## TASK MATERIAL
****

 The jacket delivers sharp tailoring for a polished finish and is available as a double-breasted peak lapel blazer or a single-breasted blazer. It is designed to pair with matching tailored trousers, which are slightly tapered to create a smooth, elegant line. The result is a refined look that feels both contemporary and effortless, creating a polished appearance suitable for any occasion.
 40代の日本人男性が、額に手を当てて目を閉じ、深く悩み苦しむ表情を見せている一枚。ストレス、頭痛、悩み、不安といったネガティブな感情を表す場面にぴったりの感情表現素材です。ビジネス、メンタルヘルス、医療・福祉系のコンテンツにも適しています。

****

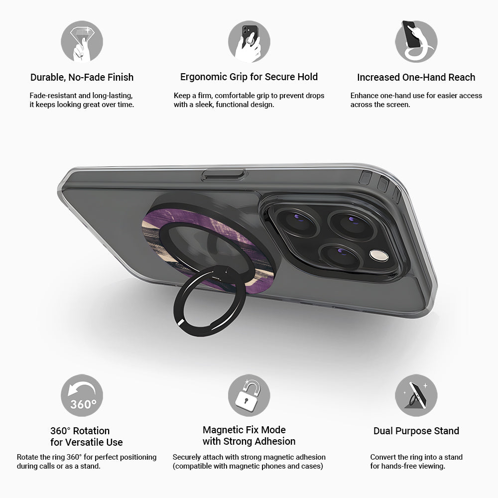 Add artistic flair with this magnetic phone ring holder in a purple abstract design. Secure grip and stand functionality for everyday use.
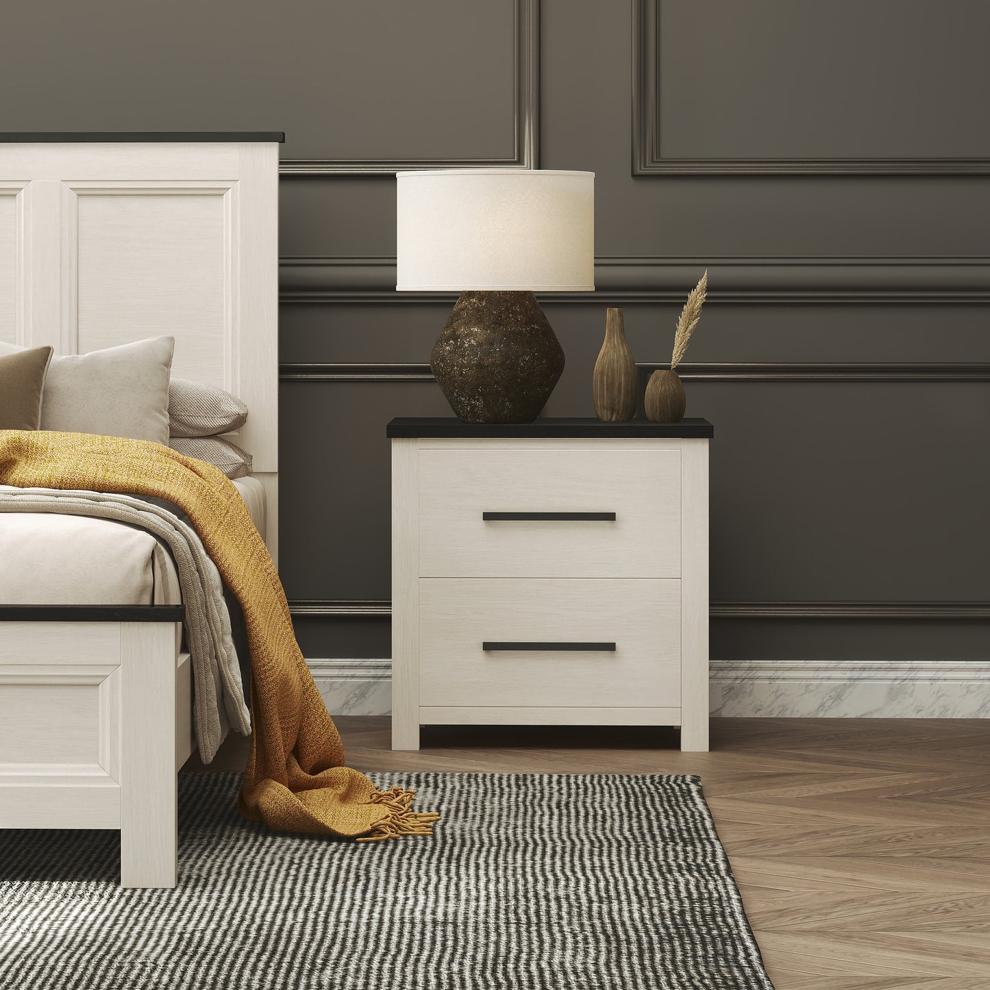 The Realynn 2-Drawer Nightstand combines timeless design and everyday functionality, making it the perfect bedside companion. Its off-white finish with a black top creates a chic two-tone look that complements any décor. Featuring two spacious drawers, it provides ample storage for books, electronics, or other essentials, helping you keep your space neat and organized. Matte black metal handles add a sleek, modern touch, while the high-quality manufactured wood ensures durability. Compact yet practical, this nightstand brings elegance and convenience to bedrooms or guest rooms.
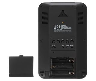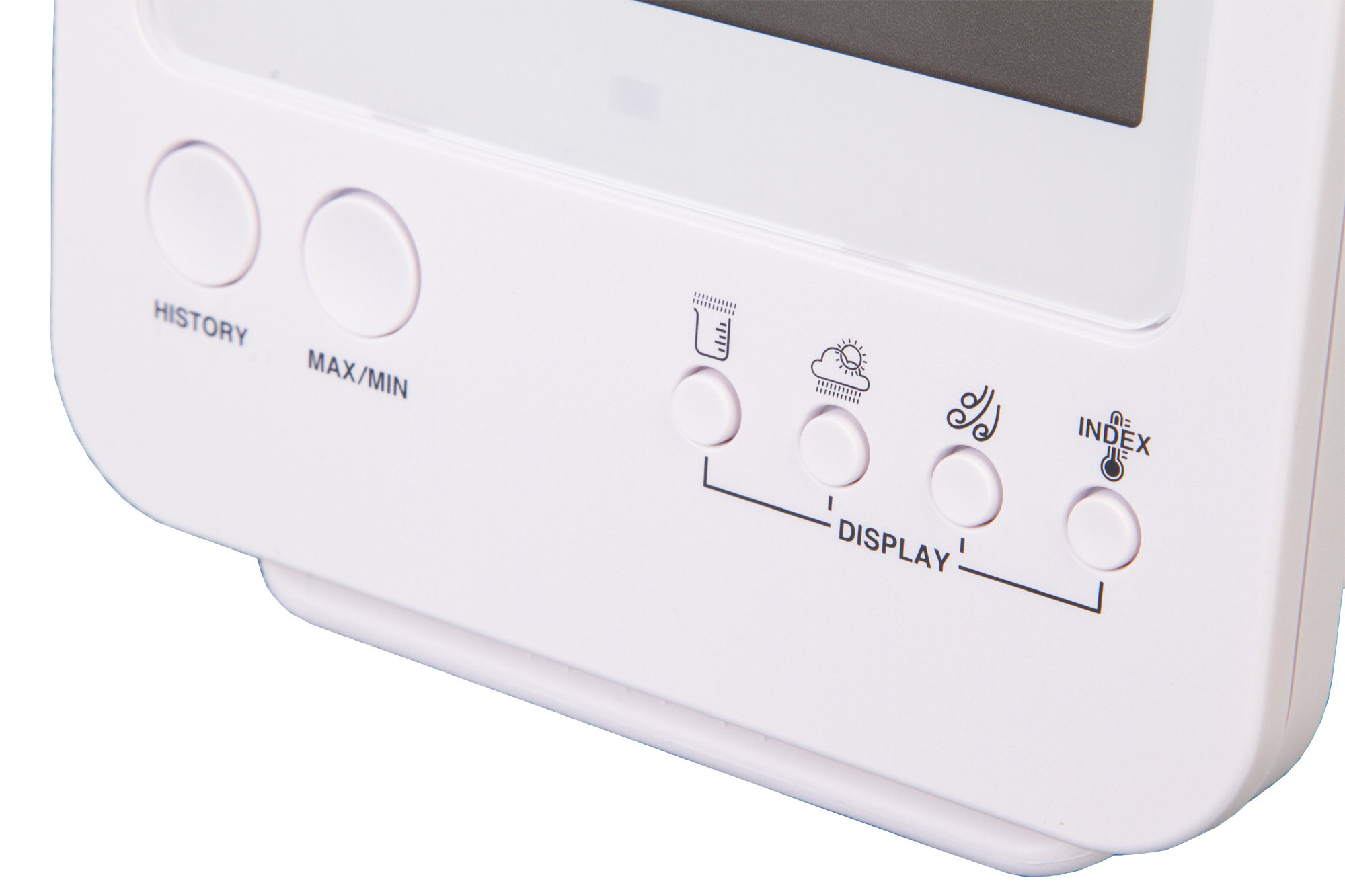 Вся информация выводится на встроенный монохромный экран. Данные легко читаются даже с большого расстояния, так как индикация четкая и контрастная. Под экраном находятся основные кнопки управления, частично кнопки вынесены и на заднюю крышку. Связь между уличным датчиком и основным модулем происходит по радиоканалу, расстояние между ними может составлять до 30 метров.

****

Return only the stretch above from the line containing "The Realynn 2-Drawer" through the line containing "Вся информация выводится", word for word and without pictures.

 The Realynn 2-Drawer Nightstand combines timeless design and everyday functionality, making it the perfect bedside companion. Its off-white finish with a black top creates a chic two-tone look that complements any décor. Featuring two spacious drawers, it provides ample storage for books, electronics, or other essentials, helping you keep your space neat and organized. Matte black metal handles add a sleek, modern touch, while the high-quality manufactured wood ensures durability. Compact yet practical, this nightstand brings elegance and convenience to bedrooms or guest rooms.
 Вся информация выводится на встроенный монохромный экран. Данные легко читаются даже с большого расстояния, так как индикация четкая и контрастная. Под экраном находятся основные кнопки управления, частично кнопки вынесены и на заднюю крышку. Связь между уличным датчиком и основным модулем происходит по радиоканалу, расстояние между ними может составлять до 30 метров.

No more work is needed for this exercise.